-- EXERCISE DETAILS --
Locate "Der Tag der" in the records below, then copy its line and every following line exactly, without the pictures.

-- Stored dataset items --
------------------------------------------------------------

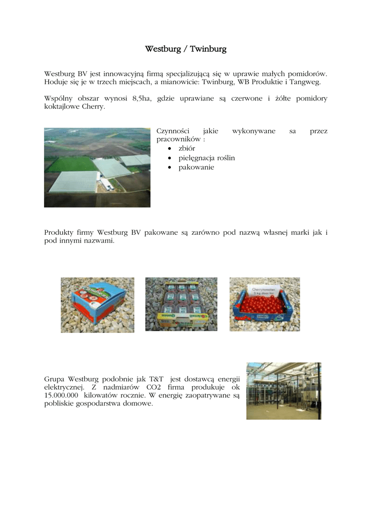 Westburg / Twinburg Westburg BV jest innowacyjną firmą specjalizującą się w uprawie małych pomidorów. Hoduje się je w trzech miejscach, a mianowicie: Twinburg, WB Produktie i Tangweg. Wspólny obszar wynosi 8,5ha, gdzie uprawiane są czerwone i żółte pomidory koktajlowe Cherry. Czynności jakie wykonywane pracowników : zbiór pielęgnacja roślin pakowanie sa przez Produkty firmy Westburg BV pakowane są zarówno pod nazwą własnej marki jak i pod innymi nazwami. Grupa Westburg podobnie jak T&T jest dostawcą energii elektrycznej. Z nadmiarów CO2 firma produkuje ok 15.000.000 kilowatów rocznie. W energię zaopatrywane są pobliskie gospodarstwa domowe. Program stażu: Tydzień 1: Zapoznanie się z zakładem i pracownikami Poznanie zasad bezpieczeństwa. Poznanie stanowiska pracy. Zapoznanie się z gatunkami pomidorów uprawianych w firmie T&T. Poznanie sposobu określania koloru pomidora oraz klasyfikacji. Tydzień 2: Uzyskanie informacji na temat chorób pomidora koktailowego i sposobów zwalczania szkodników. Zapoznanie się z metodami regulowania warunków mikroklimatu w szklarni. Zapoznanie się z komputerowym systemem do identyfikacji pracowników. Przyuczenie do zbioru. Tydzień 3: Ręczny zbiór pomidorów: zbierane są tylko pomidory o odpowiednim zabarwieniu. Zbiór powinien być wykonywany w sposób staranny, tak aby nie uszkodzić skórki. Tydzień 4: Podwiązywanie roślin pomidora: w tym celu używa się sznurka sizalowego lub polipropylenowego o grubości 3-4 mm. Zawiązuje się go luźno w odległości ok. 10 cm od szyjki korzeniowej, a następnie metalowym zaczepem przytwierdza do drutu przeciągniętego poziomo nad rzędem roślin na wysokości 190-210 cm. Sznurek z pędem łączą specjalne plastikowe klipsy. W miarę wzrostu sznurek okręca się wokół roślin Redukcja pędów bocznych mająca na celu przyśpieszenie dojrzewania warzyw oraz poprawe zdrowotności roślin( lepsze wietrzenie i osuszanie rośliny, poprawa warunków świetlnych w dolnych partiach roślin). Pędy boczne powinny być usuwane zanim przekroczą długość 5 cm. Redukcja liści z każdego grona (jednorazowo usuwa się 3-4 liście). Ręczny zbiór pomidora. Tydzień 5: Poznanie optymalnych warunków do uprawy pomidora (zapoznanie się z systemem grzewczym, systemem oswietleniowym). Zapoznanie się ze sposobem nawadniania, z wymaganiami pokarmowymi i potrzebami nawozowymi. Zapoznanie sie z metodami prowadzenia roślin. Poznanie szkodników występujących w szkarni oraz sposobów ich zwalczania. Ręczny zbiór pomidora. Tydzień 6: Redukcja liści z każdego grona pomidora. Ręczny zbiór pomidora. Zapoznanie się z metodami przechowywania i magazynowania pomidorów. Zapoznanie się z sortownią oraz poznanie metod sortowania owoców pomidora. Tydzień 7: Zapoznanie się z metodami pakowania pomidorów (w jednym opakowaniu powinny znajdować się owoce o zbliżonych cechach odmianowych, równomiernie wybarwione). Poznanie sieci odbiorców produktów firmy T&T. Poznanie warunków transportu pomidorów. Ręczny zbiór pomidora. Tydzień 8: Zapoznanie się ze sposobami szczepienia roślin. Zabiegi pielęgnacyjne (redukcja liści i pędów bocznych). Podwiązywanie roślin pomidora. Ręczny zbiór pomidora. Tydzień 9: Zapoznanie się z metodami produkcji rozsady. Ręczny zbiór pomidora. Tydzień 10: Ręczny zbiór pomidora. Zapoznanie się z metodami sterowania nawozami. Podwiązywanie roślin pomidora. Tydzień 11: Ręczny zbiór pomidora. Zabiegi pielęgnacyjne (redukcja liści i pędów bocznych). Zapoznanie się z systemem do produkcji energii elektrycznej. Tydzień 12: Ręczny zbiór pomidora. Ogławianie: usuwanie wierzchołka pędu głównego, wykonuje się je na około 2 miesiące przed przewidywanym terminem zakończenia uprawy. W zakładzie zwraca się dużą uwagę na bezpieczeństwo. Dlatego zainwestowano w tak zwane wózki do zbiorów. Zbiór pomidorów obejmuje większą część programu stażowego. Daje to możliwość opanowania dobrej techniki zrywania. Każdy pracownik ma przydzielony numer, który służy do identyfikacji i rejestracji wielkości zbioru. W firmie stosuje się pełną kontrolę wielkości zbiorów. Zbiory są rejestrowane komputerowo i podsumowywane tygodniowo. Firma stosuje metodę motywacyjną, polegającą na dodatkowym wynagrodzeniu dla osób, które uzyskują wysokie zbiory. Ponadto w zakładzie istnieje system rejestrujący ścieżki, co pozwala na podjęcie stosownych decyzji w trakcie trwania zbioru. Rejestrowane jest także nawadnianie i dozowanie substancji odżywczych, niezbędnych do szybkiego wzrostu pomidora. Ten nowoczesny zakład, posiadający profesjonalne zaplecze techniczne daje świetne możliwości zdobycia doświadczenia przy uprawie pomidorów, poznania metod sortowania, przechowywania i transportowania pomidorów. Jednym słowem komputer rejestruje wszystko to, co dzieję się w szklarni. Cyfry i dane, które wynikają z rejestracji komputerowej przyczyniają się do perfekcyjnej analizy w odniesieniu do: klimatu, chorób, zbiorów, produkcji, temperatury w szklarni i zmniejszenia emisji CO2 . Zakład jest wyposażony w agregaty kogeneracyjne wytwarzające ciepło i energię elektryczna.
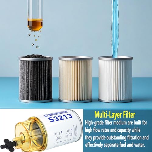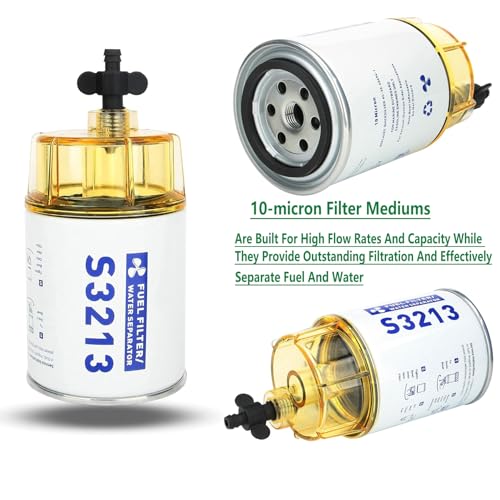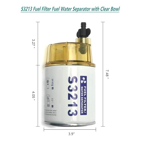 - 【S3213 fuel filter Comprehensive Filtration & Broad Compatibility】: This S3213 Marine fuel filter water separator as your primary water fuel separator for boats. Its multi-stage filtration effectively separates water, safeguards engine performance, and fits various marine application.compatibility with Yamaha, Mercury, Racor, Sierra, and Suzuki outboard engines etc.It fits a wide array of universal fuel applications, particularly on outboard marine engines
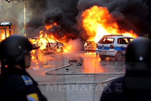 La Sarajevo, o mie de „protestatari au spart ferestre şi au incendiat gheretele gardienilor şi sediul” unei clădiri a administraţiei regionale, a anunţat postul naţional de televiziune.
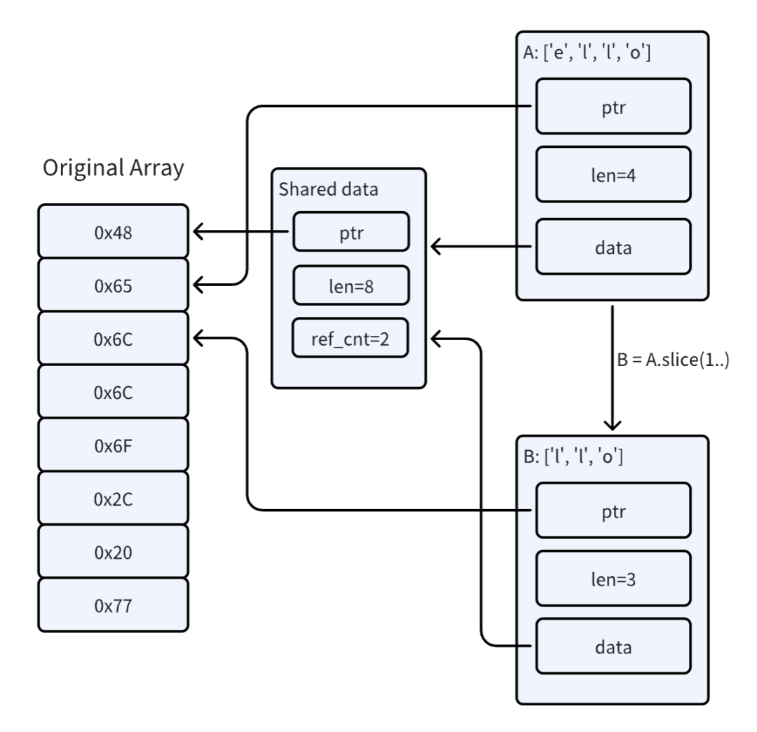 通过 From<Vec<u8>> 构造出来的的 Bytes 的 slice 操作基于引用计数,每次 slice 的时候需要复制原始 buffer 的指针、长度、引用计数、slice 返回值的指针和长度等等,和 Go 的基于可达性分析的垃圾回收机制比起来效率肯定是差很多的;
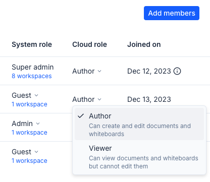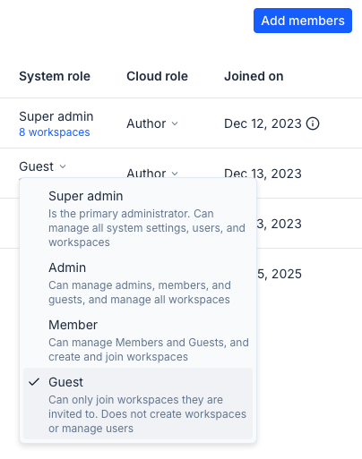 Assign their System role and Cloud role from the dropdown, and then click Add members.
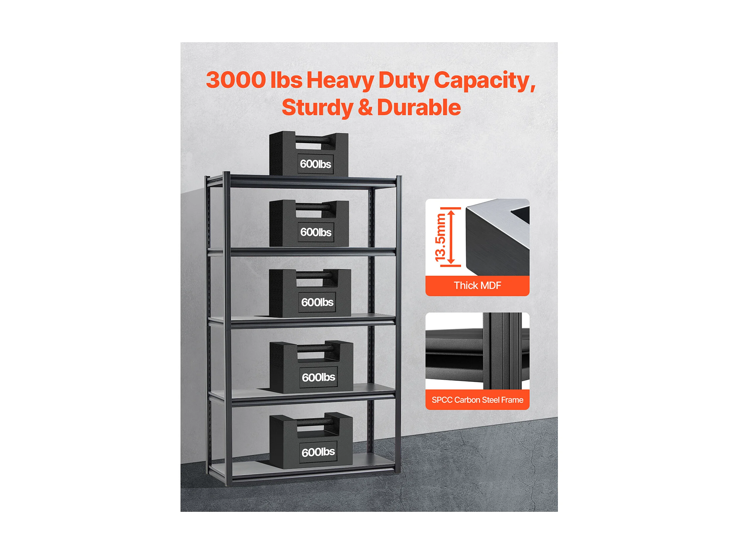 Garagenregale aus Metall SucceBuy 5-Stöckiges Garagenregal, 46 cm T x 122 cm B x 198 cm H
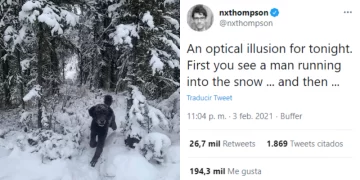 “Una ilusión óptica para hoy. Primero, ves un hombre corriendo en la nieve… Pero, luego…“, escribió Thompson. Con esta imagen, la gente no sabe si se trata de una persona o un perro.
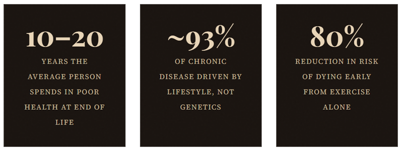 The average person today can expect to live into their late seventies or eighties but the last ten to twenty of those years are often spent managing chronic disease, losing mobility, and fading cognitively.
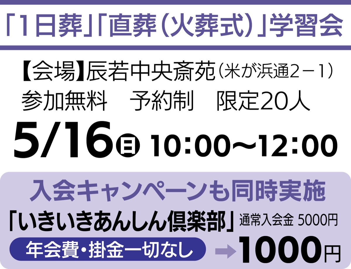 葬儀の主流になりつつある家族葬や一日葬、直葬の費用、形式についての質問に応じる個別相談会も5月5日(祝)・11日(火)・16日(日)・22日(土)・28日(金)、6月3日(木)に実施する。参加無料。辰若中央斎苑、エニシア佐原、辰若本社、エニシア米が浜の4会場。午前10時から午後2時で予約制。
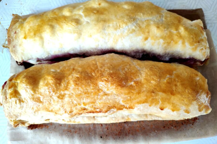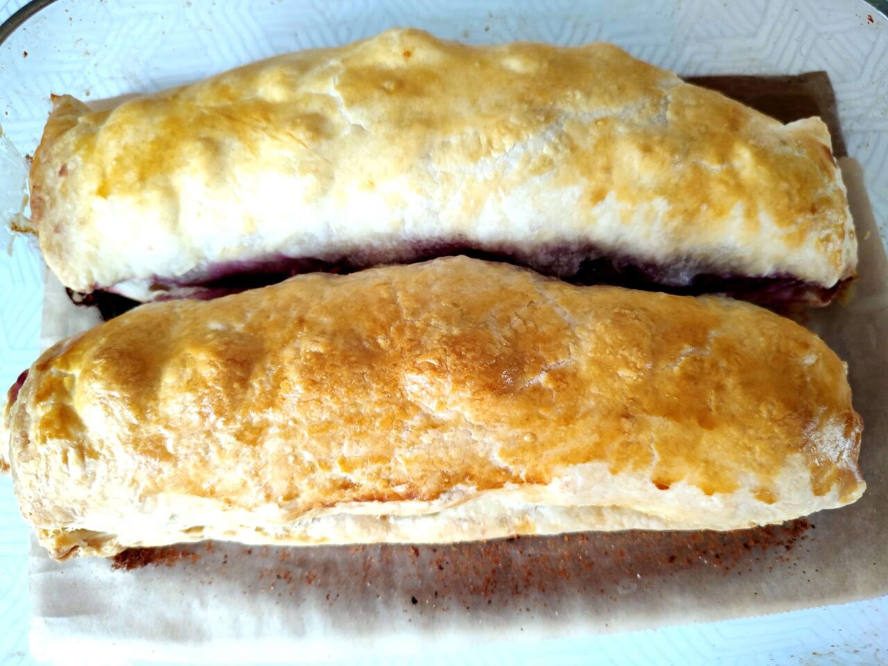 - По готовности достать штрудель и дать ему немного остыть. Нарезать готовую выпечку на порции и посыпать сахарной пудрой. Можно подать со взбитыми сливками или шариком мороженого.
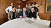 Der Tag der Vertragsunterzeichnung: Towii-Direktor Oliver Wolgast, der Vorsitzende von Tønder Vedvarende Energi A/S, Anton Schulz, und die Direktorin von Tønder Vedvarende Energi A/S, Trine Hadrup. Im Hintergrund schauen Søren Kjær (Towii Renewables A/S) und die Vorstandsmitglieder Anita Uggerholt Eriksen (stellvertretende Vorsitzende), Torben Struck sowie Poul Erik Kjær (v. l. ) zu, als die Unterschriften geleistet werden.
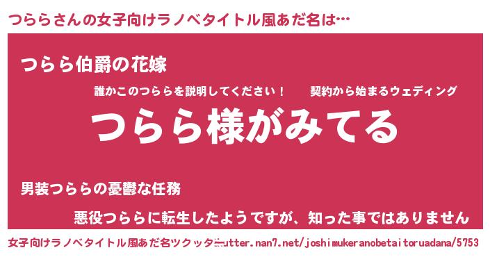 | 男性向けラノベタイトル風あだ名 | 『つららの嫁は女の子じゃないと思った?』 |

------------------------------------------------------------

-- SOLVED PROBLEM --
 Der Tag der Vertragsunterzeichnung: Towii-Direktor Oliver Wolgast, der Vorsitzende von Tønder Vedvarende Energi A/S, Anton Schulz, und die Direktorin von Tønder Vedvarende Energi A/S, Trine Hadrup. Im Hintergrund schauen Søren Kjær (Towii Renewables A/S) und die Vorstandsmitglieder Anita Uggerholt Eriksen (stellvertretende Vorsitzende), Torben Struck sowie Poul Erik Kjær (v. l. ) zu, als die Unterschriften geleistet werden.
 | 男性向けラノベタイトル風あだ名 | 『つららの嫁は女の子じゃないと思った?』 |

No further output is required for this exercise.